Dem Kongress lagen zwei Entschließungsanträge vor. Zum einen zur Arbeitszeitflexibilität. Für die „Jonk Demokraten“ ist das Modell „nine to five“ überlebt, die Arbeitnehmer würden heute stärker mitentscheiden wollen, wie sie ihren Arbeitsalltag gestalten wollen. Die JDL, die flexiblere Arbeitszeiten im privaten und öffentlichen Sektor fordert sowie die Förderung der Telearbeit, möchte ein System von „Lebensarbeitszeitkonten“ eingeführt sehen, auf die etwa Überstunden und Urlaubstage „eingezahlt“ werden könnten, zwecks Nutzung für andere Lebensprojekte. Dazu gehört auch der frühere Rentenantritt.

Eine zweite Motion befasste sich mit Organspenden. Die JDL fordert, dass das Gesetz von 1982 angewendet wird, laut dem ein Bürger, der ums Leben kommt, dann automatisch als Organspender angesehen wird, es sei denn, er habe das zu Lebzeiten schriftlich verboten. Die „Jonk Demokraten“ sind überzeugt, dass die Anwendung dieses Gesetzes die Kampagnen des Gesundheitsministeriums für Organspenden überflüssig machen und vor allem den Luxemburgern deutlich helfen würde, die auf einer Warteliste für ein Spenderorgan stehen. Das sind im Durchschnitt 65. Allerdings wurden im vergangenen Jahr lediglich acht Transplantationen durchgeführt. Damit steht Luxemburg europaweit an letzter Stelle. Die Motionen erhielten mehrheitlich grünes Licht.
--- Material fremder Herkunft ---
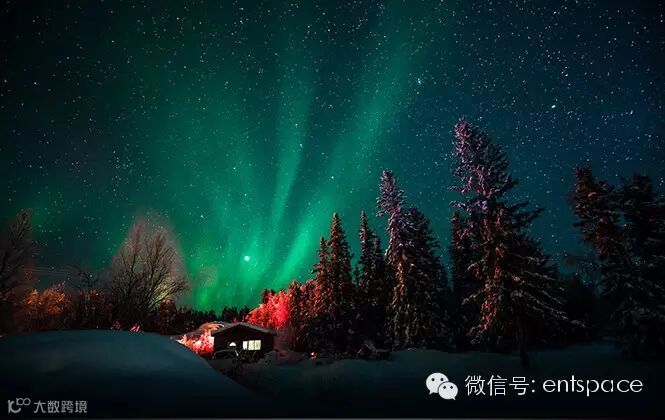 这 时候北极天幕上极光大戏正在隆重上演,极光呈现出诡异的绿色和粉色,那是太阳8分20秒以前的一次巨大爆炸后带电粒子穿越15万公里到达地球和大气层的氧 气和氮气发生撞击的结果,他们在我的头顶上快速扭动变换着,犹如巨大的帘幕被上帝之手抖动。更诡异的是,极光如同月光一般明亮,将湖面照亮成绿色,让我感 到生存在我自己想象中的一个超现实画面中,因为周围都是白雪,我看不到任何有意义的细节,除了远处那些黑色不动的柏树,就像是冷漠的岩浆一样,有时候我甚 至可以看到我的自己的影子,我不知道应该怎样表达这个感受,反正周围没有人,我不知道是不是应该喊叫。

Corinne Cahen: „Wir müssen über dieReferenzperiode sprechen“

DP-Präsidentin Corinne Cahen bedankte sich bei den „Jonk Demokraten“ für ihre permanenten Anregungen, das Leben der Bürger in Luxemburg zu verbessern. Besonders die „work life balance“ sei ein wichtiges Feld, das die Regierung in den letzten Jahren unter den Impulsen der DP konsequent beackert habe.

Sie erinnerte dabei vor allem an die Reform der Elternzeit, die ein großer Erfolg sei, würden sich doch auch immer mehr Väter für ein Elternzeitmodell entscheiden. „Wir müssen über die Referenzperiode sprechen“, meinte Corinne Cahen bezüglich der Diskussion über Arbeitszeitflexibilisierung. Die derzeitige Regelung über die gesetzlichen Arbeitszeiten stelle nicht nur die Arbeitgeber nicht zufrieden, sondern vor allem auch nicht die Arbeitnehmer.

„Wir machen keine Politik gegen etwas, sondern für die Bürger“, unterstrich die DP-Vorsitzende, die am kommenden Sonntag mehr Details über das Wahlprogramm der Demokratischen Partei enthüllen wird. Dann findet ab 10.00 nämlich im „Tramsschapp“ in Limpertsberg der Nationalkongress der Liberalen statt.